### WHAT YOU WILL DO
Take the entries that follow and return only the lines from the one with "Seminario telematico per" through the final line, leaving every picture behind.
··· SUPPLIED DATA
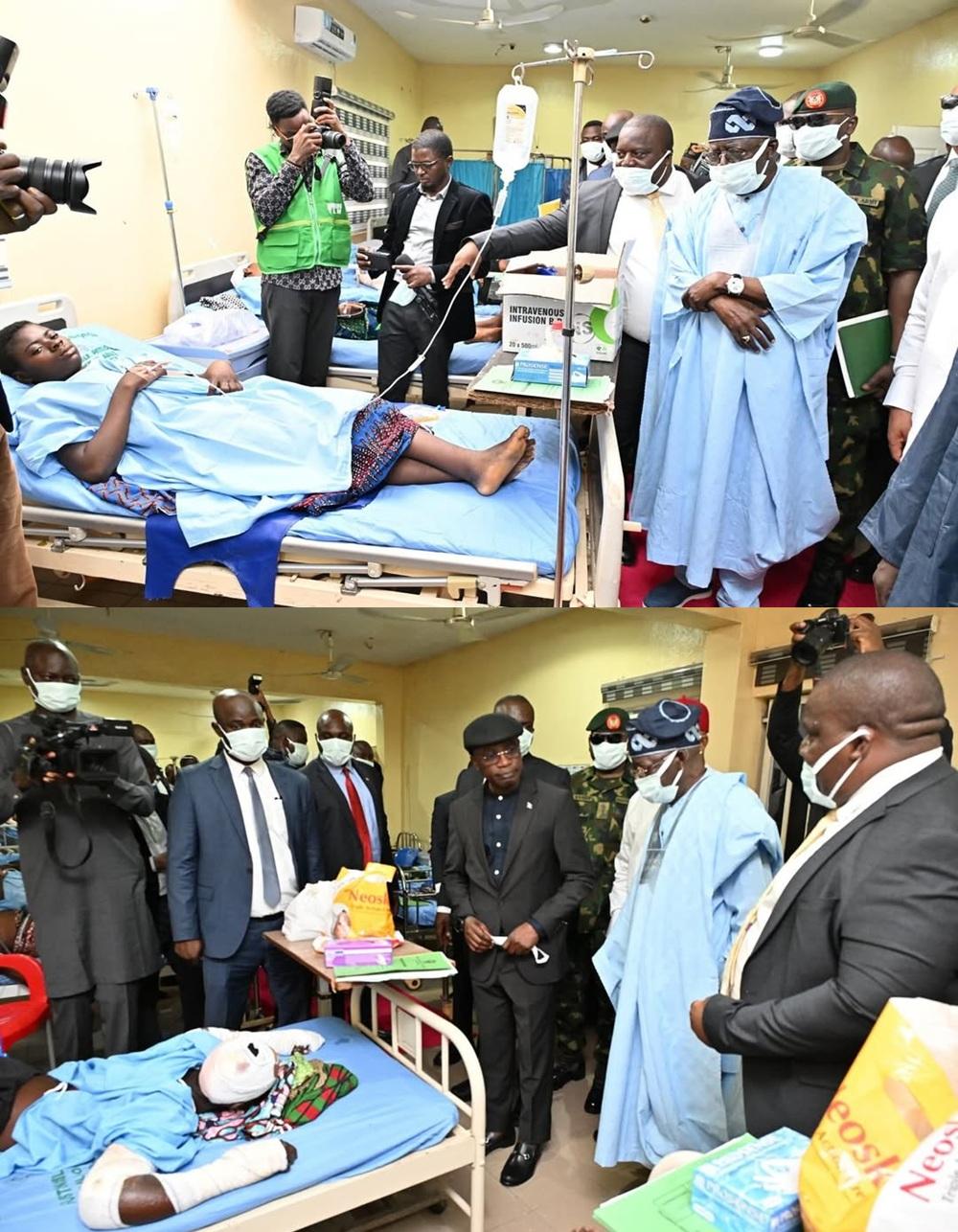 President Tinubu visits victims of the Benue attack at the hospital.
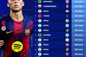 據(jù)統(tǒng)計(jì),巴薩球員在歐冠歷史上共計(jì)16次上演帽子戲法,具體如下:
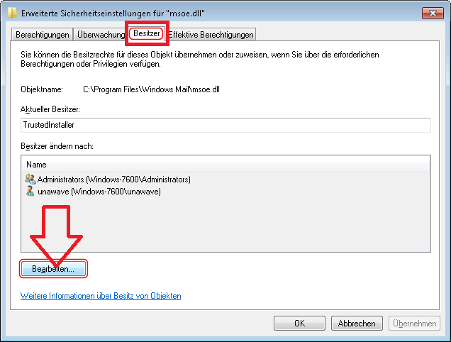 Rechtsklick auf den Ordner BOOT und Eigenschaften wählen, dann Reiter Sicherheit und dann schaue dir die Bilder an, die ich von der Homepage www.unawave.de entnommen habe. Unawave möge mir verzeihen ...
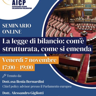 Seminario telematico per gli iscritti AICP sul tema: La Legge di bilancio: com'è strutturata, come si emenda.
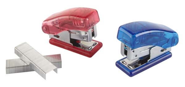 Keep the Office Depot Mini Stapler with Built-In Remover handy in your desk or bag. This mini translucent stapler is made of durable plastic and staples up to 10 sheets of 20-lb paper. Mini plastic stapler is the ideal size to tuck in your bag or keep in your drawer. Staples up to 10 sheets of 20-lb paper. Built-in staple remover adds convenience. Uses standard 26/6 size staples (1/4"). Includes 1,000 staples per pack. Backed by the manufacturer’s 1-year limited warranty. Comes in translucent blue and translucent red. Color: Assorted
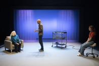 Autour d’elle, deux personnages, interprétés par Laure Blatter (découverte ici dans Mes Parents de Mohamed El Khatib) et Pascal Sangla, musicien-comédien qui œuvrait déjà délicieusement dans Stallone.
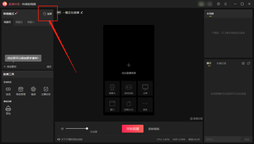 进入“直播伴侣”主界面
······
### TASK SOLUTION
 Seminario telematico per gli iscritti AICP sul tema: La Legge di bilancio: com'è strutturata, come si emenda.
 Keep the Office Depot Mini Stapler with Built-In Remover handy in your desk or bag. This mini translucent stapler is made of durable plastic and staples up to 10 sheets of 20-lb paper. Mini plastic stapler is the ideal size to tuck in your bag or keep in your drawer. Staples up to 10 sheets of 20-lb paper. Built-in staple remover adds convenience. Uses standard 26/6 size staples (1/4"). Includes 1,000 staples per pack. Backed by the manufacturer’s 1-year limited warranty. Comes in translucent blue and translucent red. Color: Assorted
 Autour d’elle, deux personnages, interprétés par Laure Blatter (découverte ici dans Mes Parents de Mohamed El Khatib) et Pascal Sangla, musicien-comédien qui œuvrait déjà délicieusement dans Stallone.
 进入“直播伴侣”主界面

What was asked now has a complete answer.